When a Microsimulation is constructed from a dataset that supplies an ETERNITY-defined variable as input, calculate/calculate_dataframe returns the variable's default value for every row instead of the dataset-provided values, as soon as anything triggers Simulation._invalidate_all_caches (e.g. apply_reform, subsample).
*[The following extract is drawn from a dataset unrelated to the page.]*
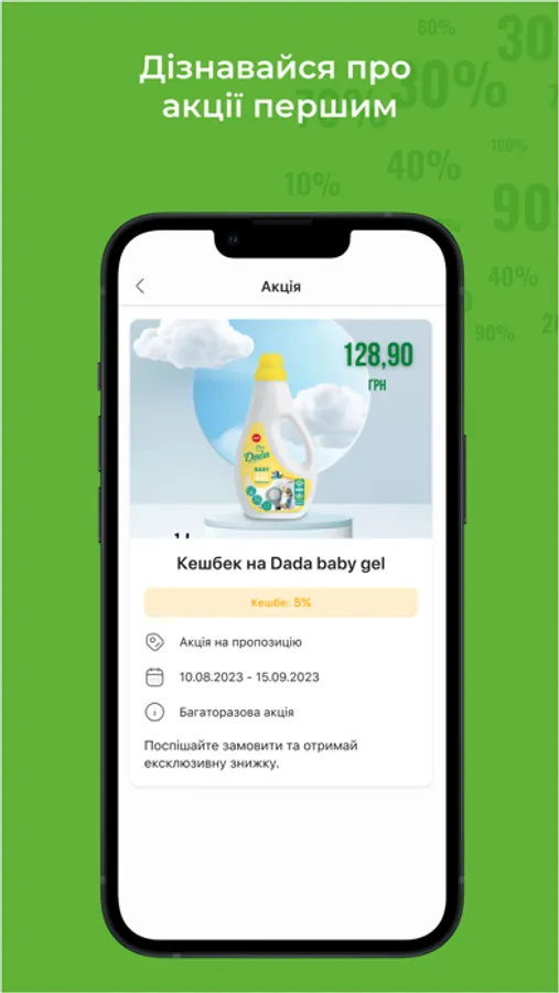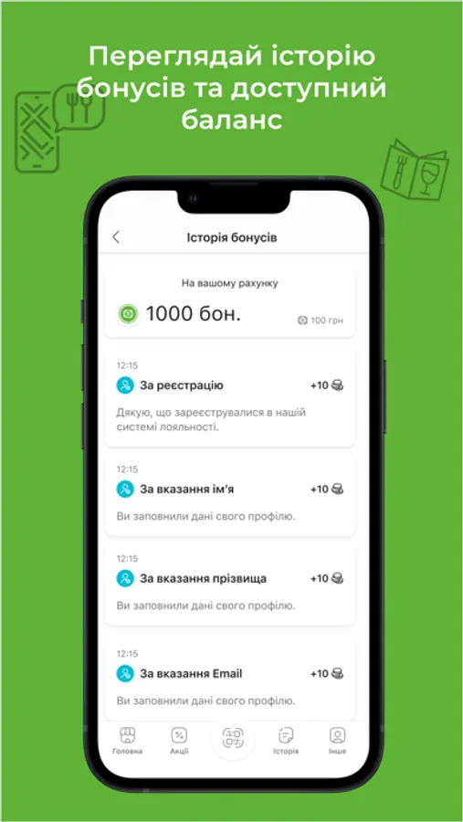 - Отримувати кешбек та бонуси за кожну покупку

We hit this in policyengine-us-data after upgrading to policyengine-us 1.674.1 / policyengine-core 3.25.3. is_household_head (a bool ETERNITY variable on Person) came back all-False from acs.calculate_dataframe([\"is_household_head\", ...]), even though the ACS H5 dataset has it correctly populated. Filtering by is_household_head then yielded zero rows and downstream code crashed.

Suspected mechanism

In policyengine_core/simulations/simulation.py:

  • Holder.set_input records (variable_name, branch_name, period) into simulation._user_input_keys using the user-supplied period (e.g. Period(2024) from a dataset's time_period).
  • For an ETERNITY-defined variable, Holder._set canonicalizes storage to period=ETERNITY, so _memory_storage._arrays is keyed by \"default:eternity\".
  • _invalidate_all_caches then iterates _user_input_keys and looks up f\"{branch_name}:{period}\" (\"default:2024\"), which misses the canonicalized \"default:eternity\" entry.
  • The preserve-loop therefore doesn't re-add the array, the holder's _arrays is wiped at the iteration over population._holders, and subsequent calculate calls fall back to the variable's default_value.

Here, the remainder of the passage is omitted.